Prossimamente la SA Polisport terrà la sua assemblea, speriamo in un sostanziale e rapido cambiamento.
Gina
am: 11.6.2012 23:29
Anch'io ho constatato con grande rammarico e poca comprensione il fatto che il progetto del laghetto a Campo Blenio è stato "seppolto" perchè costa. Evidentemente costa, e costerebbe anche la manutenzione! Ma il Comune di Blenio ha dedicato un milione ai miglioramenti delle strutture turistiche a Campo Blenio, prelevati dal Fondo Aggregazione. Sul messaggio municipale, mi ricordo esattamente, si parlava di migliorare l'offerta non solo per lo sci e turismo invernale, ma anche per il turismo estivo: ero entusiasta, perchè convinta che con delle somme relativamente modeste si potrebbe offrire molto di più alle famiglie che vengono qui, e, p.es., il piccolo laghetto sarebbe una proposta molto simpatica e di sicuro molto apprezzata. E mi chiedo: ma i soldi che ora riceviamo grazie al contributo di localizzazione geografica, non potrebbero servire anche a questo???
www.vallediblenio.ch/vdbi_cronwin.php?articolo_id=...
marcello
am: 8.6.2012 22:07
Ecco di cosa sono capaci i nostri vicini di casa.... poche parole, poca politica, ma fatti!!!!!!!!!

www.surselva.info/badesee-davos-munts/badesee-davo...

Questo piccolo impianto si trova in Val Lumnezia!
marcello
am: 4.6.2012 3:15
Restyling della strada del passo del San Gottardo, e il Lucomagno?

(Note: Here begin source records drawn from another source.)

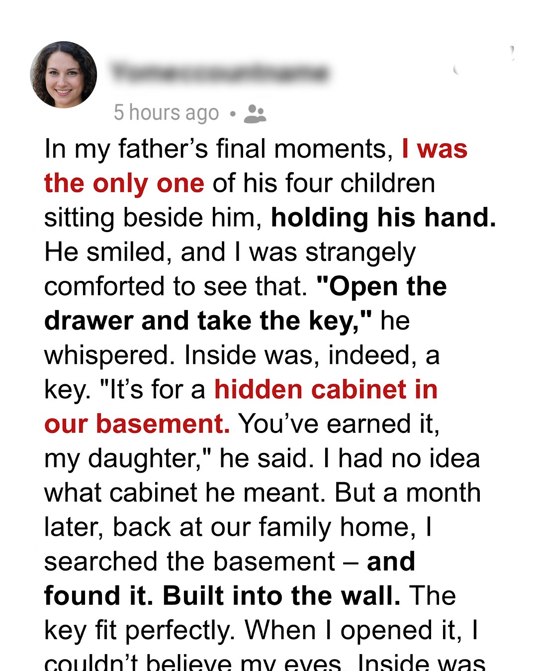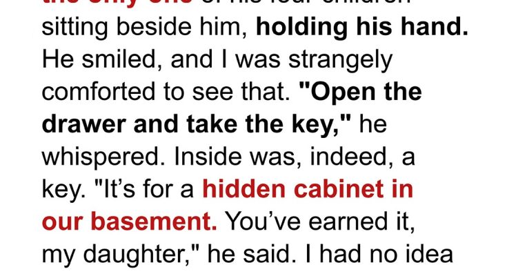 “Open the drawer and take the key,” my father whispered, his breath catching in the back of his throat, leading to a short coughing fit.After I’d helped him settle again, I blinked, unsure I’d heard him right. But he nodded slightly, pointing with a weak hand, and I obeyed. Inside the drawer of his nightstand, beneath some tissues and an old pocket Bible, was a single brass key.“It’s for a hidden cabinet in the basement,” he said with more strength than I expected. “You’ve earned it, my daughter.”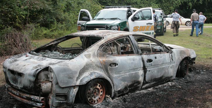 After finding what appeared to be traces of gold-colored paint around the burned-out car, deputies contact the woman who had reported her Pontiac missing earlier in the day. After arriving at the Mystic Springs boat ramp, the owner identified the burned vehicle as her own by body damage to the front quarter panel.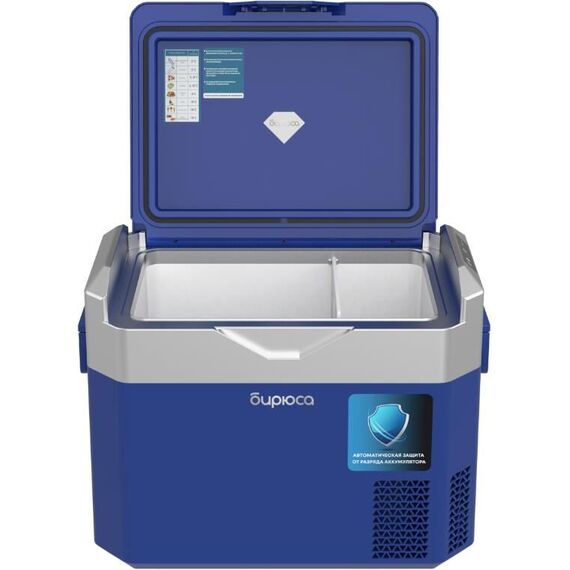 Автохолодильник компрессорный; Цвет: Темно-синий; Сенсорный LED дисплей; Температура в режиме морозильника: от -18 до 0 °C; Температура в режиме холодильника: от 0 до +15 °C; Работа от сети/прикуривателя автомобиля/аккумулятора; Температура отображается в градусах Цельсия, Фаренгейта; Адаптер 12/24/220В в комплекте; Возможность выбора уровня защиты разряда аккумулятора машины; Разделочная доска в комплекте; Режим быстрого охлаждения; Режим экономии энергии; Габариты 41,2х55,8х36,2см; Объем: 30л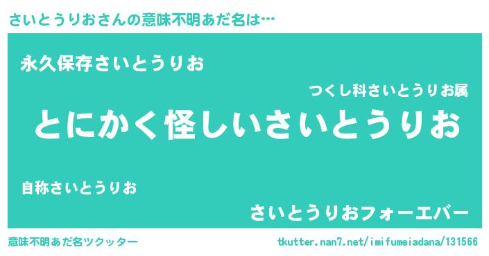 | 男性向けラノベタイトル風あだ名 | 『さいとうりおの嫁は女の子じゃないと思った?』 |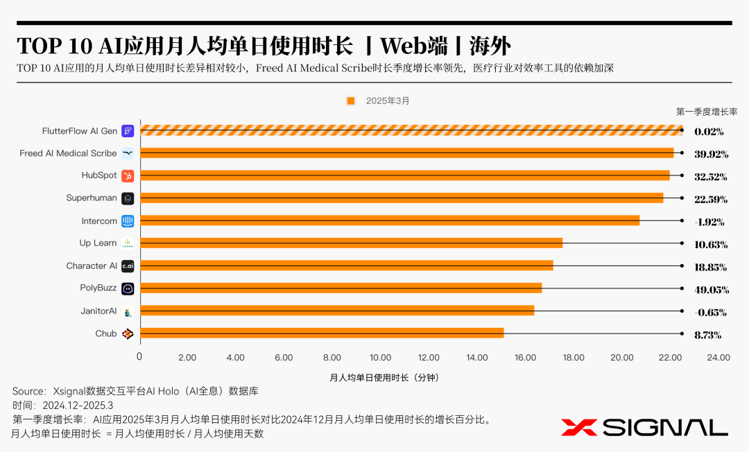 TOP 10 AI应用月人均单日使用时长 丨Web端丨海外

M.Borradori e il Governo ticinese non sono i soli a rimanere a bocca aperta, apprendendo la notizia con cui viene comunicata la decisione del Governo federale di aver stanziato la bellezza di 250 milioni per il risanamento della strada del passo del San Gottardo.
Siamo tutti consapevoli dell’importanza di questo asse stradale, soprattutto nell’ottica di una possibile chiusura a lungo termine della galleria autostradale. Va pure subito detto che la variante Biasca-Disentis attraverso il passo del Lucomagno, per una lunga serie di ragioni, non può e non deve rientrare nelle possibili varianti per il traffico internazionale di transito, salvo per situazioni estreme.
Il passo del Lucomagno, fatta eccezione per gli scambi economici locali, è da annoverare fra i passi a vocazione turistica, ma questa non deve essere la ragione per la preoccupante incuria e il successivo degrado del fondo stradale, in particolare sul lato ticinese, cosa che rende il Lucomagno uno dei passi alpini svizzeri più malmessi e pericolosi, in particolare per motociclisti, ciclisti, e non da ultimo per il traffico agricolo locale.